ゆいな:前文案が完成したのを見たとき、みんな全力で協力して作ってきたものが完成したとなるとすごくうれしくて、今までがんばってきて良かったなと思いました。
司会:皆(みな)さんの思いを受けて、区長はこの前文を見たときはいかがでしたか?
区長:僕(ぼく)はこどもたちが自分たちで作ってくれた前文は、一字一句(く)そのまま使うと最初から宣言(せんげん)していて、今でもそのつもりでいます。そういう思いを持って皆(みな)さんにお願いをしていたので、すごく良いものを作ってくれたと感慨深(かんがいぶか)いです。前文に皆(みな)さんたちが込(こ)めてくれた、行間に詰(つま)ったものがいっぱいある。みんなが共有して作るまでに様々な意見対立を乗(の)り越(こ)えてここまで作ってくれたものを、しっかりと実践(じっせん)していく場作りというのを、みんなと一緒(いっしょ)にやっていきたいなと思います。

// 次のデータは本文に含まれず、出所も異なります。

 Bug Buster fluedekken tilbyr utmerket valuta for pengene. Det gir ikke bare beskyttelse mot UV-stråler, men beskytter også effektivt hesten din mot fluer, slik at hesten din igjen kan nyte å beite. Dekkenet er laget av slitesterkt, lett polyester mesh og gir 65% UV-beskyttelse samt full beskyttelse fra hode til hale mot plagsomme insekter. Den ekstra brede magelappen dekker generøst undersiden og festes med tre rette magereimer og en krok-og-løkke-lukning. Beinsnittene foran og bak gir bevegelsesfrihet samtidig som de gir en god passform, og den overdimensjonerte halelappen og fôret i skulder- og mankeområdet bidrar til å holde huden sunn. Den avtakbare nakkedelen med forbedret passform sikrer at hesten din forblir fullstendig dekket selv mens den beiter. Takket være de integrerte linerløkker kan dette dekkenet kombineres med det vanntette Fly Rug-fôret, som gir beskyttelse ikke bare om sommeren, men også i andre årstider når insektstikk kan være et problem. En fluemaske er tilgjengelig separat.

司会:こどもたちの率直(そっちょく)な気持ちが表われている前文で、私(わたし)たち大人にとってもこどもたちの思いを知る良い機会になったと思いますがいかがですか?
区長:まさにそのとおりだと思います。直接(ちょくせつ)こどもたちの意見を聞く場はこれまでそんなになかったです。条例(じょうれい)を作ったのはゴールではなくてここがスタートなので、色々なことが動き始めていきます。条例(じょうれい)を皆(みな)さんと一緒(いっしょ)に育ててもらいたいなと思います。

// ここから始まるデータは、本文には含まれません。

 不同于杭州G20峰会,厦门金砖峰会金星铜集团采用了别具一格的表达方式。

司会:最後に区長、皆(みな)さんのお話を受けての感想と、今年の抱負(ほうふ)をお聞かせください。
区長:今日参加してくれているリーダーたち自身が色々な気づきをこの1年間の中で持ってくれているし、それぞれが成長してくれていることを実感してくださったと思うんですね。そのこと自体がとても大切なことだし、今回ご一緒(いっしょ)したリーダーのうち2人は18歳で、今度はこの条例(じょうれい)を生かして守る側にもなるというお話もいただきましたけど、とても力強い言葉だなと思います。大人もこどももこの条例(じょうれい)を大切にして、理解者(りかいしゃ)を増やしていく努力をみんなと一緒(いっしょ)にしていくことができればいいなと思います。